Former Enron CEO Jeffrey Skilling, seen here in a file photo from his 2006 trial, has been released after serving 12 years in prison (JAMES NIELSEN)

Washington (AFP) – Former Enron chief executive Jeffrey Skilling has been released from prison after serving 12 years for his role in the fraud scheme which sent the US energy giant into bankruptcy.

Skilling, 65, had been most recently incarcerated at a reentry facility in Houston, Texas, according to the US Bureau of Prisons website.

The Houston Chronicle reported that Skilling had been released on Thursday after completing 12 years of what was initially a 24-year sentence.

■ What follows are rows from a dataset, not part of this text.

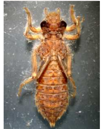
Codulegaster - páskovec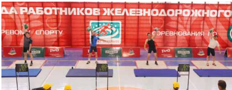
В соревнованиях по гиревому спорту команда Московской железной дороги не оставила своим коллегам с Западно-Сибирской магистрали шансов на повторение прошлогоднего успеха.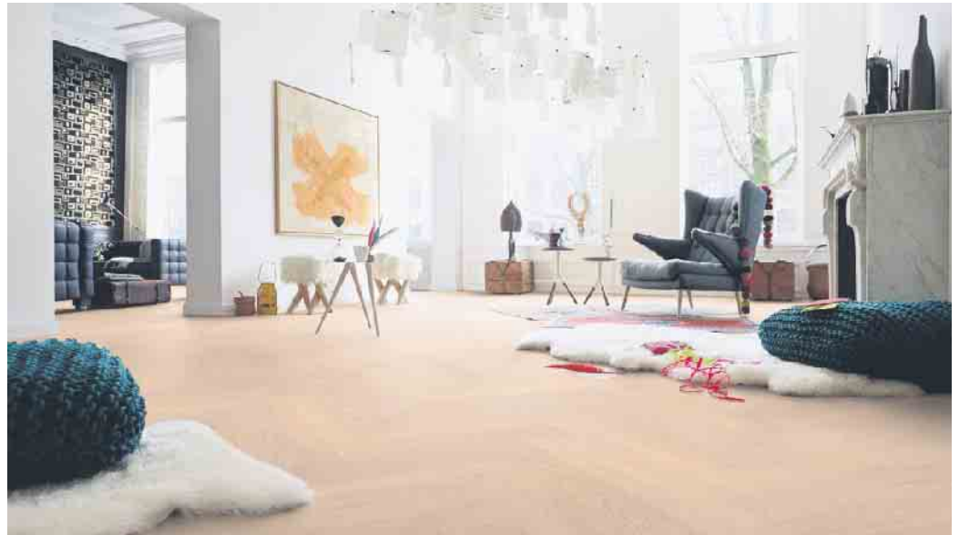
Parkett im Fischgrätmuster gibt weitläufigen Räumen Struktur.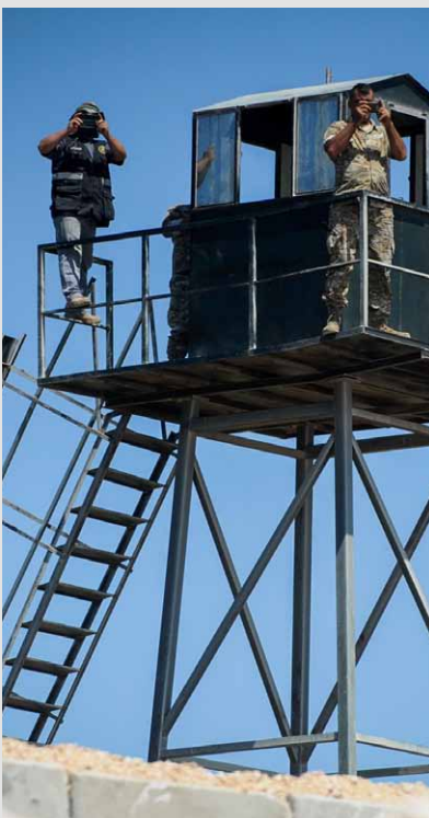
חייל לבנוני ומחבל חיזבאללה מתצפתים על ישראל

הסרטון. בסרטון נוסף מנהיג חיזבאללה חסן נסראללה משחרר גם הוא מסר מאיים לעבר ישראל ואומר: "אני אומר לאויב שישים לב היטב, אנחנו לא חוששים ממלחמה, אנחנו לא מהססים ולא נהסס להתמודד איתה. אנו נתמודד איתה אם היא תוטל עלינו וננצח בה בעזרת האל. האויב לא צריך לעשות חישובים מוטעים. אני לא מדבר על מלחמה פסיכולוגית או הפחדות, אני מדבר על העובדות שביטאנו בשטח."

It was eventually reduced on appeal.

A Harvard-educated whiz kid, Skilling once stood on the top rungs of America’s corporate ladder and graced the pages of glossy business magazines.

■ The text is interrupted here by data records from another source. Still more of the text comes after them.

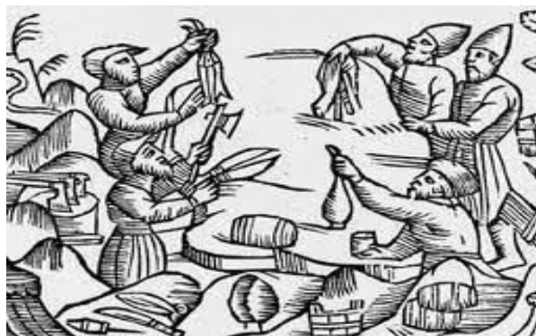
Slika 2. Prikaz trampe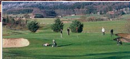
18-Loch Golf-Platz mit Blick auf Altenschwand und den Tannenhof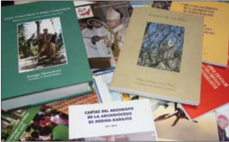
Algunos de los números escritos que ha realizado D. Santiago.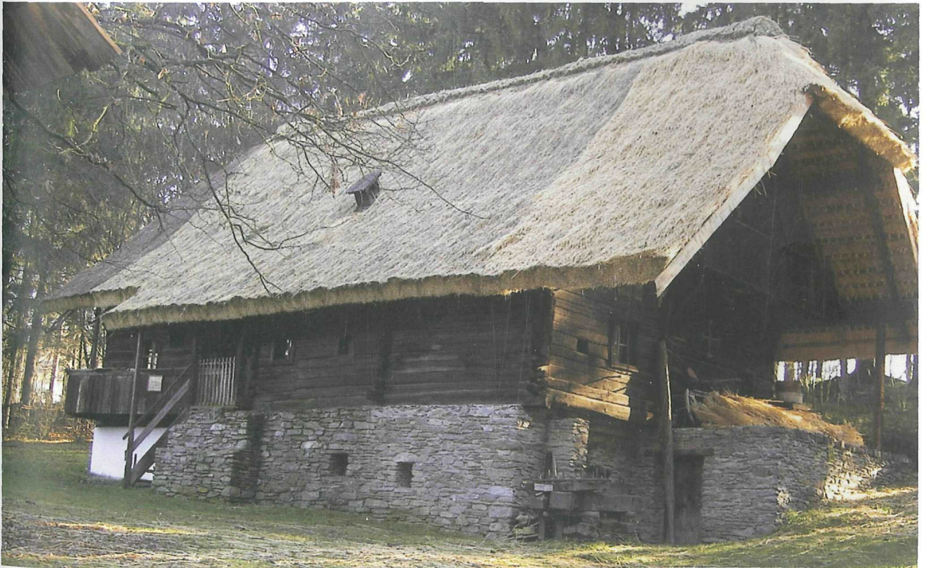
Abb. 7: Hanebauerhaus nach der Dachrenovierung im Herbst 2002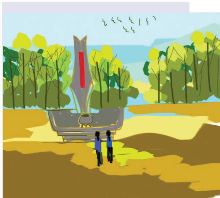
- Minh họa: NGỌC DUY

Gio Linh mùa này đượm nồng nắng lửa. Những nén hương lòng vẫn mãi ngạt ngào trong khúc hát tri ân.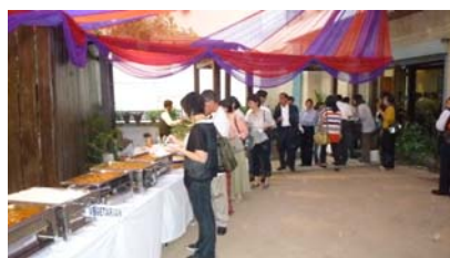
拜訪駐印度大使館-4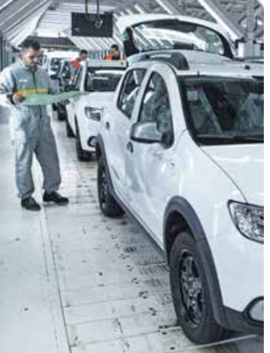
نمو صادرات السيارات

في المغرب، أي حوالي 343,6 ألف سيارة، تم تصديرها إلى أكثر من 68 بلدا أجنبيا. وأقام المغرب جزءاً من استراتيجيته الصناعية على استقطاب صناعة السيارات الفرنسية التي أتاح لها امتيازات كبيرة، حيث يستهدف ارتفاع الإنتاج إلى مليون سيارة، مما يساعد على بلوغ صادراته بقيمة 20 مليار دولار في المستقبل وذهب المنسوبية السوية للتخطيط، إلى الطلب الخارجي الموجه نحو قطاع صناعة السيارات في سطره المتعلق بالتركيب والأسلاك الكهربائية وقطاع الإلكترونيات والكهرباء، ويشير الاقتصادي علي ميبيعات إلى أن صادرات السيارات تدعم ميبيعات المغرب في الخارج، والمساهمة في التخفيف من توسع عجز الميزان التجاري، في ظل ارتفاع حجم التحويلات والواردات، وأضاف، في تصريحات لـ«العربي الجديد» أن المغرب تمكن في الأعوام الأخيرة من التوقيع في خريطة صناعة السيارات العالمية، وهو ما أتى بفعل تشكيل منظومة تتشخصر جميع مكونات السيارات التي تنتج في المملكة، فضلاً عن تصدير بعضها إلى أسواق خارجية وتسد على أن شركات صناعة السيارات تراهن على التصدير أكثر عبر المغرب.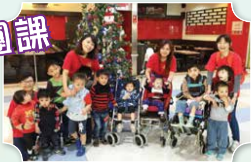
▲早療寶貝們外出走走郊遊去

~走走走走走~我們一起去郊遊，配合期末單元活動嘉年華社區適應，於是在11月底即計劃讓幼安日照的小朋友們至頭份尚順育樂中心及廣場附近感受聖誕節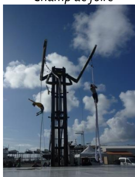
Salon Nautique Arcachon

The native of Pittsburgh, Pennsylvania, and father of three was snapped up by Enron in the early 1990s following a stint as a consultant with McKinsey and Co.

He worked his way up through the ranks and held the Enron CEO title for just six months before quitting in August 2001 for “personal reasons,” just four months before the Houston-based energy trader collapsed.

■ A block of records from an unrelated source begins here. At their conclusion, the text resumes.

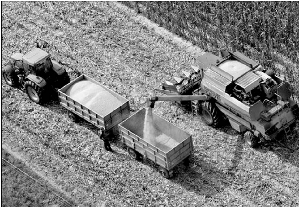
Miközben Magyarországon tilos külföldieknek földet venni, egyre több olasz „telepes” érkezik Romániába Feldarabolt földek

► „Ha így megy tovább, legtöbb napszámosként dolgozunk saját földjeinken, s ráadásul olyan embereknek, akikkel csak tolmacsokkal érthetjük meg magunkat” – mondta az ÜMSZ-nek egy szamosdobi gazda, azzal kapcsolatban, hogy községük határának már legalább negyede, mintegy öt-hatszáz hektár külföldiek kezében van. A helyzet e pillanatban még nem ennyire „tragikus”, mint a példából következne, de tény: a Bán-ság és a Körösök vidéke után Szatmárt is elérte az olasz „területhódítás”. A megyei szakigazgatóság adatai szerint a külföldiek által felvásárolt mintegy hétezer hektár termőföldnek (a művelhető terület öt-hat százaléka) nagyobb része olasz vállalkozók tulajdonában van. Utánuk a németek és osztrákok vásároltak a megyében nagyobb területeket. A legjobban Nagykároly környékén – ott is elsősorban a Szatmárnémeti–Nagyvárad közti műút, illetve az országhatár közelében – elhelyezkedő földterületek „kérőinek” kell a zsebükbe nyúlni, itt 15 ezer eurót is adhatnak egy hektárért, csak nem sokan kínálják. Legolcsóbban (két-három ezer euró) a nehezebben megközelíthető Bükkvidéken juthatnak földhöz a vevők. Eközben Magyarországon egy 2011-ig érvényben lévő moratórium szerint külföldieknek egyenesen tilos a földvásárlás, amelyet Jakab István, az ot-tani gazdaszervezet elnöke – egyben fideszes parlamenti képviselő – az MTI által tegnap kiadott hír szerint meghosszabbítana.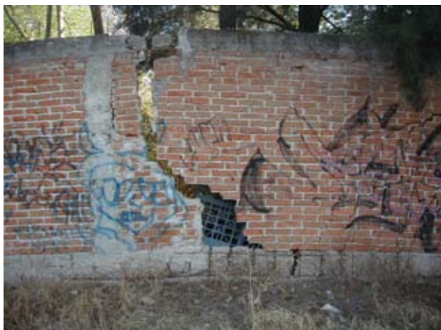
Figura 3. Afectaciones estructurales por subsidencia en Irapuato, Guanajuato, México.

Comisión Nacional del Agua o en las Comisiones Estatales, pero aun ante estas instancias no hay una forma clara de proceder cuando hay problemas debidos a subsidencia. Los grupos de Protección Civil tampoco tienen claro si la subsidencia es un desastre o un fenómeno natural. Con todo ello, no resta ningún organismo público ni privado que responda adecuadamente a los afectados.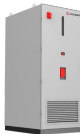
浸没式储能一体柜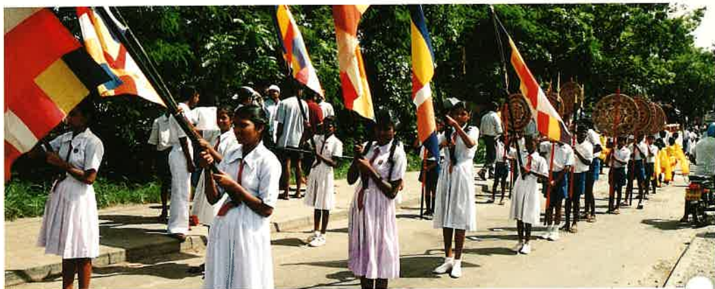
子どもたちの大歓迎パレード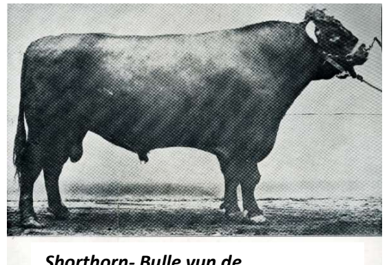
Shorthorn- Bulle vun de „Stiergenossenschaft Warmhörn“. De Mark verlangte düsse „Qualität“.

Noch kann ik dat nich so rech glöven. Wi bleibt dran!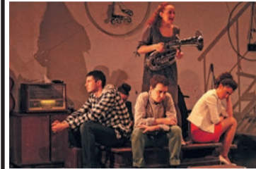
LADIES' NIGHT (комедия) Театр драмы, 18:00

«ДОРОГА В ВИФЛЕЕМ» (библейская притча) «Актерский дом», 11:00, 13:00 «ПТИЦА ФЕНИКС ВОЗВРАЩАЕТСЯ ДОМОЙ» «СамАрт», 14:00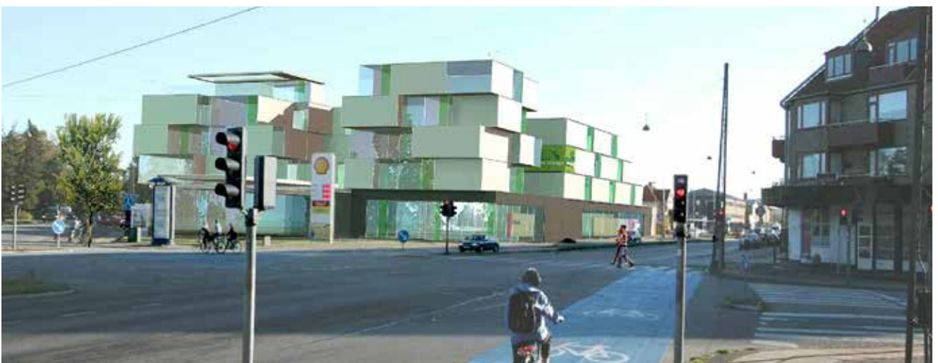
Roskildevej med den nye bygning og idéskitse til, hvordan tankstationen kan integreres i erhverv/bolig. Illustration: Skovhusarkitekter.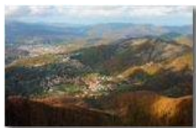
Luci ed ombre dal Monte Maggio

Pietro Marcheselli - Canon EOS 300D 2009 - Estate - Savignone - Paesi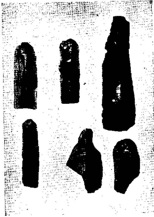
No. 3 Ilicapınar yaylasında keşfolunan siyah akik (obsidienne) taşlarından mamul bıçaklar (tabii ebadda).

Obsidianmesser von Ilicapınar yaylası; na- türliche Grösse (Photo Dr. Schröder).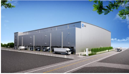
20 ロジスクエア三芳Ⅱ 2021年3月竣工予定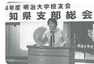
流石エンターテイナー、会場は爆笑の渦に包まれました

Thousands of people lost their jobs and life savings when Enron went under, in what was then the largest corporate bankruptcy in US history with more than 40 billion dollars in outstanding debt.

Skilling was convicted in May 2006 of 19 counts of conspiracy, fraud and insider trading and ordered to forfeit about 45 million dollars in assets, including his home.

One of Skilling’s children, a 20-year-old son, died in 2011.

Enron founder Kenneth Lay was also convicted of fraud but died before he could be sentenced and his conviction was thrown out because his death prevented him from appealing the verdict.